There are various limitations within our study, and we describe a few of these in detail as follows. First, the phenotypes are based on ICD codes, and due to the nature of billing codes, this form of labeling does not constitute a formal patient diagnosis and may contain individuals who do not have the specific disease. This uncertainty in phenotyping likely limits the power of our study to find disease associations. For the further investigation into specific phenotypes, we recommend refining each phenotype definition based on additional disease-specific factors and metrics. Additionally, although ICD codes are an international standard, there are still deviations between different institutions in how specific diagnoses are recorded. This adds further heterogeneity in phenotyping and could present future challenges when replicating studies or porting algorithms to other institutions. Second, due to the de-identified nature of the data, we lack information that could help us better describe the fine-scale population groups. For example, location of birth, zip code, and family history has been shown to be useful descriptors for determining subgroups of genetic ancestry [29]. This geographic information could also be used as a proxy for various environmental exposures such as pollution. Additional socioeconomic information, such as income and availability of health insurance, could likely account for a portion of observed associations as well as provide more insight into the socioeconomic determinants of health. Third, our findings within the African and South Asian ancestry populations are limited due to the smaller sample sizes. As sample sizes increase, we hope to further refine population substructure within these initial continental ancestry groups and have the power to detect novel disease associations that have previously been mired by lack of statistical power.

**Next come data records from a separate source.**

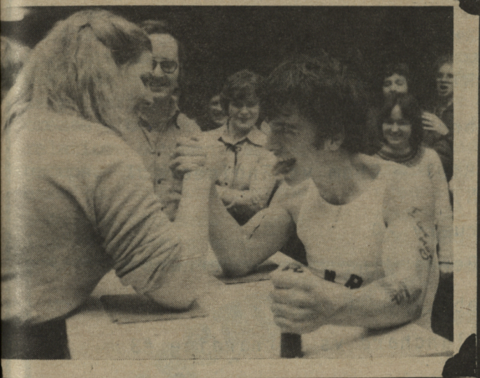
Rocky Vs. Wonder Woman
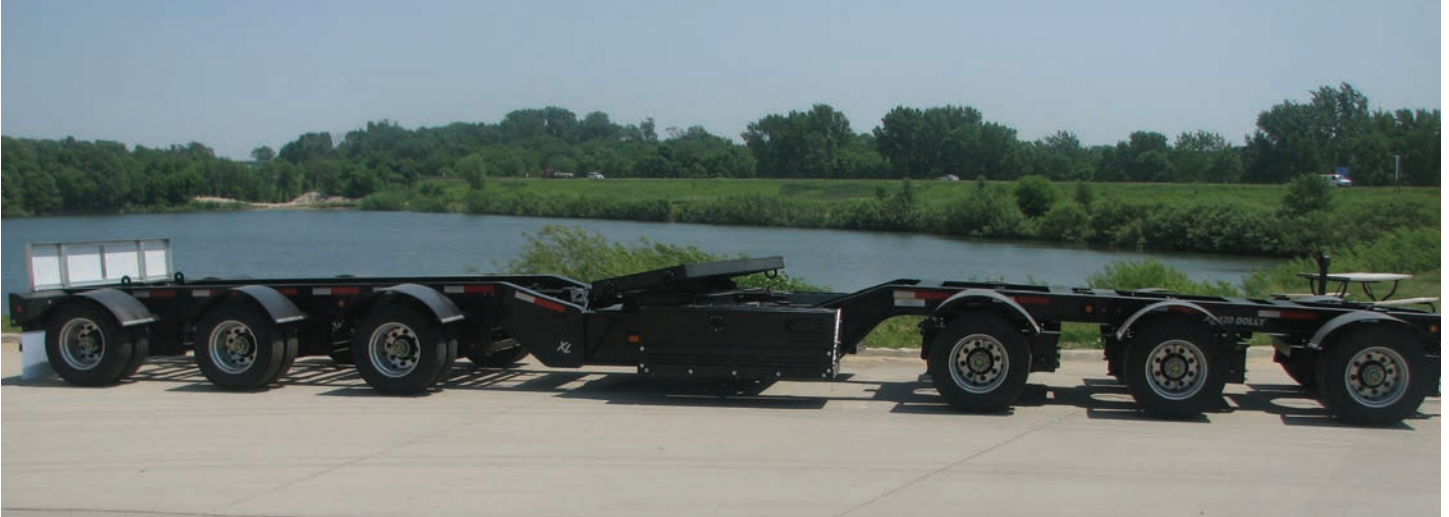
XL 6 Axle Dolly
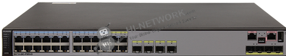
Figure 1 shows the appearance of S5710-28C-PWR-EI-AC.
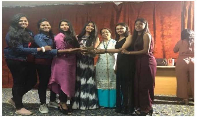
Winners of Photography Contest (B. Sc. III)
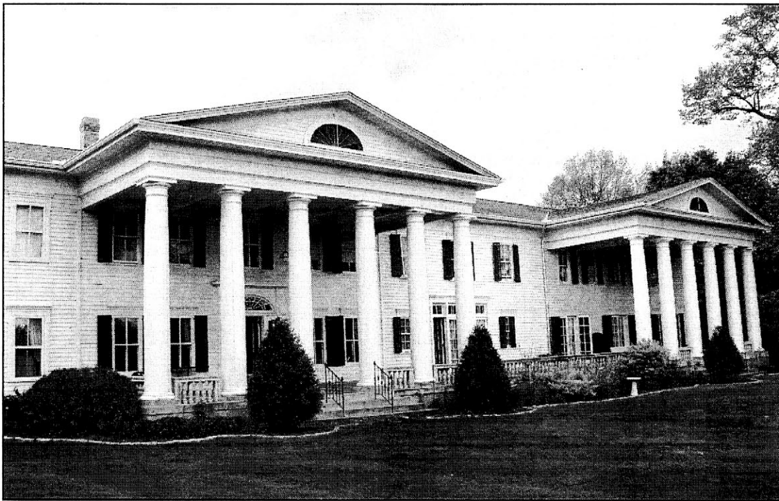
Front of Cedarhurst

Plans are well underway for a wide-ranging celebration of the centennial of the Minnesota State Capitol in 2005. Although the Capitol was officially opened in January 1905, the centennial celebration will extend throughout the year. The Cass Gilbert Society will be partnering with the University of Minnesota College of Architecture and Landscape Architecture to organize a symposium and related tours on the architecture, image, and meaning of the Capitol to citizens across the state.
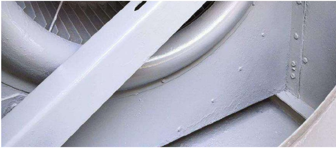
Coating of a ventilation box, SILTHEK
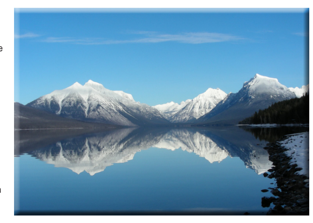
Snow-Capped Mountain Peaks Reflected in Lake MacDonald, Glacier National Park
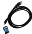
IR Connectivity Kit GA-USB1-IR Use for data download and instrument set-up options

We conclude by discussing directions for future work. Although we investigate admixed populations, such as African American and Hispanic/Latino populations, admixed individuals who do not fall under these groups are excluded from downstream analyses due to concerns over population structure. In the future, we hope to incorporate methods and pipelines that properly control for population structure in all types of admixed populations. Additionally, we plan to compute polygenic risk scores (PRS) across all 5 continental ancestry groups. PRS has already shown modest clinical utility for diseases such as breast cancer [71] and cardiovascular disease [72], but has proven difficult to perform accurate predictions across populations [13]. The genetic diversity within the ATLAS Community Health Initiative biobank partnered with the longitudinal clinical data provides a unique resource to further explore the role of ancestry in PRS prediction. Furthermore, as the size of the biobank grows and more data is collected over time, we hope to explore even more individualized health solutions and interventions.
Methods
Study population
The UCLA Health System includes two hospitals (520 and 281 inpatient beds) and 210 primary and specialty outpatient locations predominantly located in Los Angeles County. The UCLA Data Discovery Repository (DDR) contains de-identified patient electronic health records (EHR) that have been collected since March 2nd, 2013, under the auspices of the UCLA Health Office of Health Informatics Analytics and the UCLA Institute of Precision Health. Currently, the DDR contains longitudinal records for more than 1.5 million patients, including basic patient information (height, weight, gender), diagnosis codes, laboratory tests, medications, prescriptions, hospital admissions, and procedures. The UCLA ATLAS Community Health Initiative includes the EHR-linked biobank within the UCLA Health System. Currently, there are more than 27,000 genotyped participants with their de-identified EHR linked through the DDR. Patients’ participation is voluntary and their privacy is protected by de-identifying the samples.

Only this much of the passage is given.